== Segment start ==

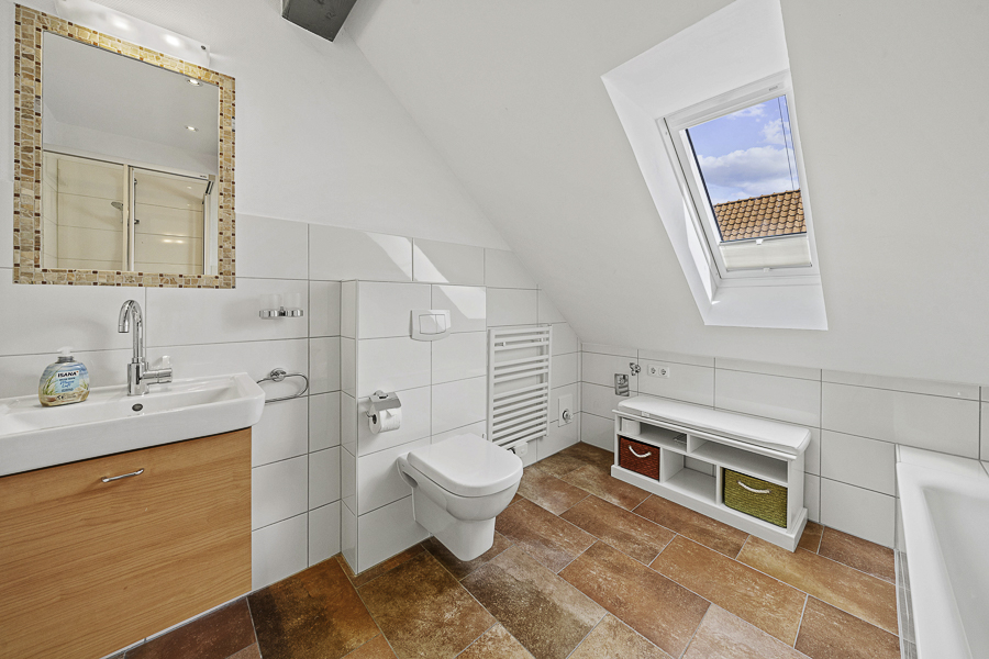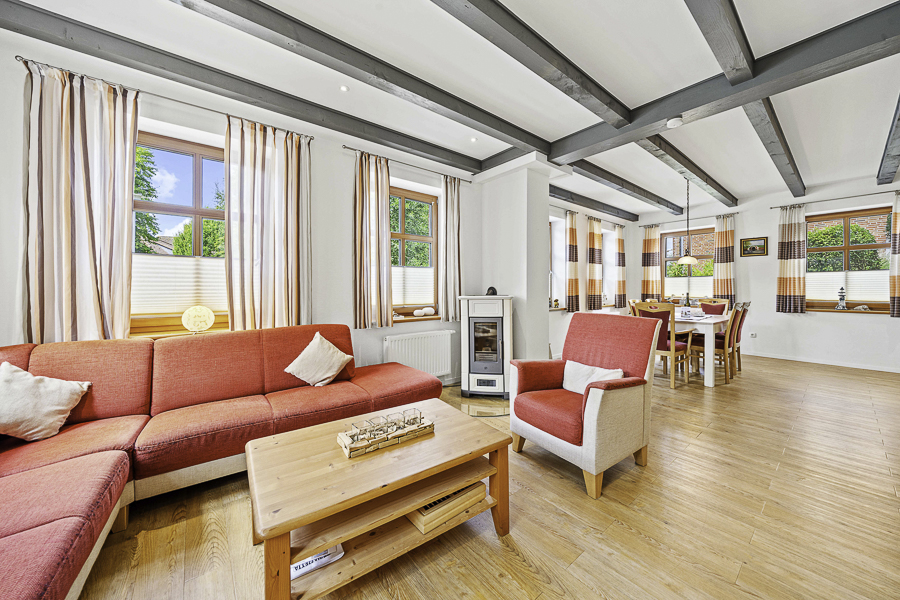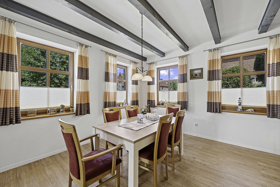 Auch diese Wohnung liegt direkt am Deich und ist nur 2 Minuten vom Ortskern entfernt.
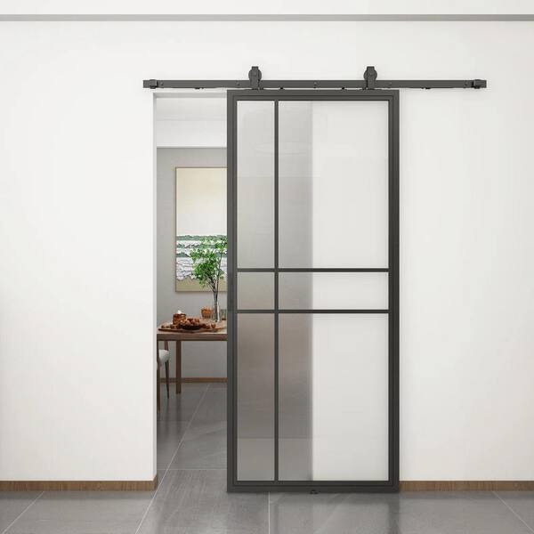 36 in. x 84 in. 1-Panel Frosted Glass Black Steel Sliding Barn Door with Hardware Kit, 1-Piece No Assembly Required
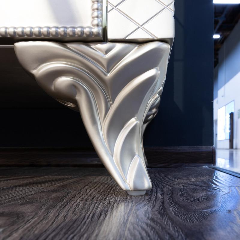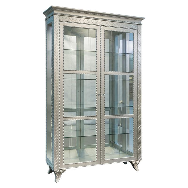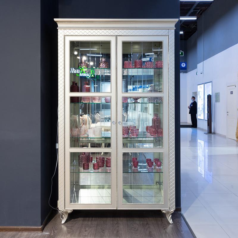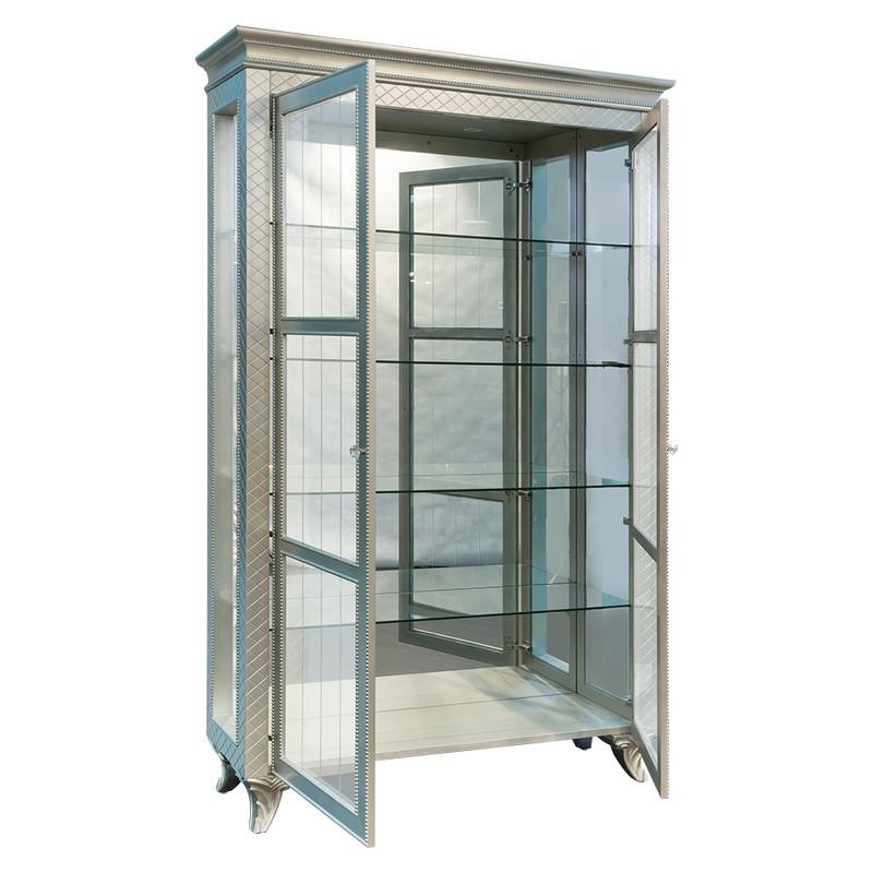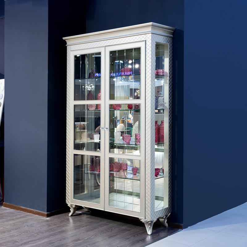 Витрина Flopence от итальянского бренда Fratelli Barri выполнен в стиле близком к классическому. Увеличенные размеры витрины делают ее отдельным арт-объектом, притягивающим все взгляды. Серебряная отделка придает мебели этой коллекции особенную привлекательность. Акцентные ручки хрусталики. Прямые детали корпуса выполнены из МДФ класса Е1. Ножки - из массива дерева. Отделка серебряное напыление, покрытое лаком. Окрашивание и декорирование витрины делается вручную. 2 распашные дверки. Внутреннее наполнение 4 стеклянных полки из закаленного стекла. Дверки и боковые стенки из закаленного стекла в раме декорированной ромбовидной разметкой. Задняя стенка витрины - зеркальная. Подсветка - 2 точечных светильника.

== Segment end ==

What the answer must hold: all the data above, given again exactly, without pictures.

Task answer
 Auch diese Wohnung liegt direkt am Deich und ist nur 2 Minuten vom Ortskern entfernt.
 36 in. x 84 in. 1-Panel Frosted Glass Black Steel Sliding Barn Door with Hardware Kit, 1-Piece No Assembly Required
 Витрина Flopence от итальянского бренда Fratelli Barri выполнен в стиле близком к классическому. Увеличенные размеры витрины делают ее отдельным арт-объектом, притягивающим все взгляды. Серебряная отделка придает мебели этой коллекции особенную привлекательность. Акцентные ручки хрусталики. Прямые детали корпуса выполнены из МДФ класса Е1. Ножки - из массива дерева. Отделка серебряное напыление, покрытое лаком. Окрашивание и декорирование витрины делается вручную. 2 распашные дверки. Внутреннее наполнение 4 стеклянных полки из закаленного стекла. Дверки и боковые стенки из закаленного стекла в раме декорированной ромбовидной разметкой. Задняя стенка витрины - зеркальная. Подсветка - 2 точечных светильника.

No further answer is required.